Now, 51 scouting years later, Josti has held just about every position imaginable in scouting. In fact, he was so committed to staying involved in the organization he loved, that he even stayed involved as a Scoutmaster and an Explorer post member at the various bases he frequented as a member of the Air Force during the Vietnam War.

"I was in the war from 1968-1970," Josti said. "I was a Scoutmaster and an advisor to an Explorer post throughout that time. Funny story…while I was an advisor at one of my duty stations, I wrote a letter to my base commander (who was also the Scout Committee Chairman) telling him I could not make a campout as my unit was scheduled to be on alert duty. Shortly thereafter, my unit received a call saying we were relieved of duty, and I went camping with the Scouts. From that point on, every time we were scheduled to be on alert duty, someone would jokingly ask me if I had a campout scheduled."

Prior to his time in the war, Josti was actively involved with Explorer Post 52 and Troop 52 both out of St. Bernard’s in Worcester. Walt credits scouting for his successes in life.

"I stay involved as a form of payback," Josti said. "I credit Scouting for all of my successes in life. I had no idea when I was teaching first aid to young Scouts that I would one day be a fifth grade teacher. People call me organized all the time, and those skills I learned through Scouting also. Heck, I’m even a married man because of Scouting."

"Linda (his wife) and I were both leaders of our respective groups and everyone wanted to match us up," Josti said. " Everyone that is, except us. "

Happily, Walt and Linda listened to their friends and did hook up. On Oct. 11, they celebrated their 40th wedding anniversary surrounded by their two sons and four grandchildren, all of whom are still involved in Scouting.

Adding a layer to Josti’s accomplishments, the BSA developed a Challenging Outdoor Personal Experience course (COPE) in the early 1980’s.

"When I was in the Air Force, I taught survival and often hung out of planes (gulp)," Josti explained. "When I came back to the states to complete my undergrad degree at UMASS Amherst, and they were beginning Outward Bound, I was most interested. When COPE came out through BSA, I was first introduced through my son Michael who was involved with Troop 227. (Walt was the Scoutmaster for the same troop at the time). From there I went to camp school (or what was the equivalent to it, then) to become a COPE director. The rest, as they say, is history as I am still involved with COPE today as a camp school teacher and a staff member for the rappelling tower at the National Jamboree."

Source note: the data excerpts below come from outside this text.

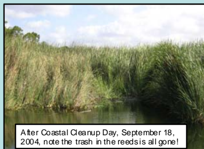
After Coastal Cleanup Day, September 18, 2004, note the trash in the reeds is all gone!

Thanks to the City of Oceanside's clean water program, Buena Vista Audubon Nature Center www.bvaudubon.org , the California Department of Fish and Game, Carlsbad Paddle Sports www.carlsbadpaddle.com , and over 50 volunteers, the waters of Buena Vista Lagoon never looked cleaner.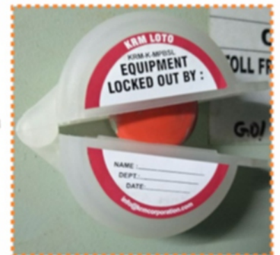
Mushroom Emergency push Button (LS-EP65)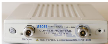
Copper Mountain VNA S5065

A known 1 mΩ resistor measured using 2-port shunt-through impedance measurements using the Copper Mountain S5065. The J2102B removes the ground loop error in 2 port shunt-through impedance measurements.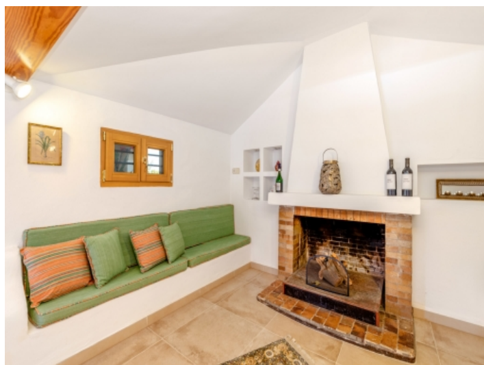
Cozy fireplace corner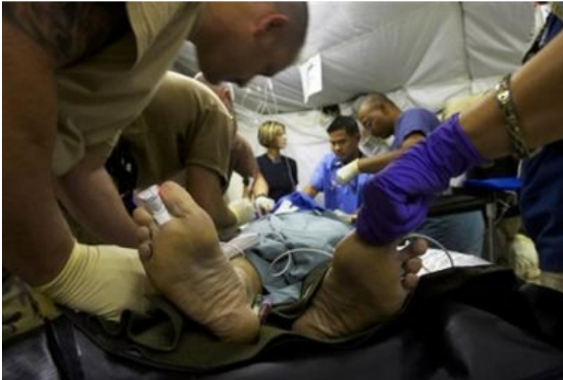
U.S. Army soldier who was shot in the head, at the Air Force hospital in Balad Nov. 10, 2005. The soldier later died during surgery.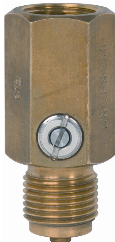
Pressure gauge snubber, Model 910.12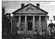
10. Pilgrim Hall Museum

Homestead of famous Pilgrims John and Priscilla Alden. Built in the mid 1600's, the house grew through three centuries into a large, comfortable dwelling occupied by Alden descendants until the 1920's. Furnished with period antiques, the Alden House provides an intimate experience of family life in early New England.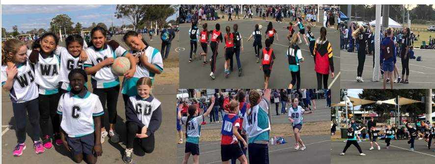
Holy Family Primary School, Emerton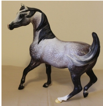
CHAMPION REPAINT: ARAHAEL (LoB)

Evenstar (SR), 2-Banned From Argo (AC), 3-Indigo (KO), 4-En Fuego (CR), 5-Far Horizon (LeB), 6-Vajna (BR), 7-Charisma Cody (LoB), 8-Bito Babe (AC), 9-Deloyer Clarion (CV), 10-Blueberry Smoothie (VM), HM-Arkistas Ring (MH)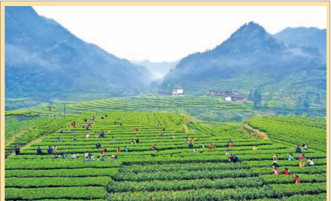
Children pick tea leaves during their farm vacation in Laozhaixi Village of Xuanen County, central China's Hubei Province on 1 April, 2015. Farm vacation is an unfixated vacation in some regions for school children to go back home to help their family in busy farming seasons.—XINHUA

Critics, however, say the new decree may prevent any changes from the status quo under martial law.—Kyodo News

Continuing with Josti’s list of accomplishments would take up too much paper, so suffice it to say that he has held many, many, many positions included but not limited to; council commissioner, unit commissioner, district commissioner, Scoutmaster, assistant Scoutmaster, National Camp School staff, NYLT director, NEI266 unit commissioner and the list goes on.

Four generations, and several members of scouting strong, the Josti family is proud to be a member of the Scouting family and proud to be a story to tell out of Shrewsbury.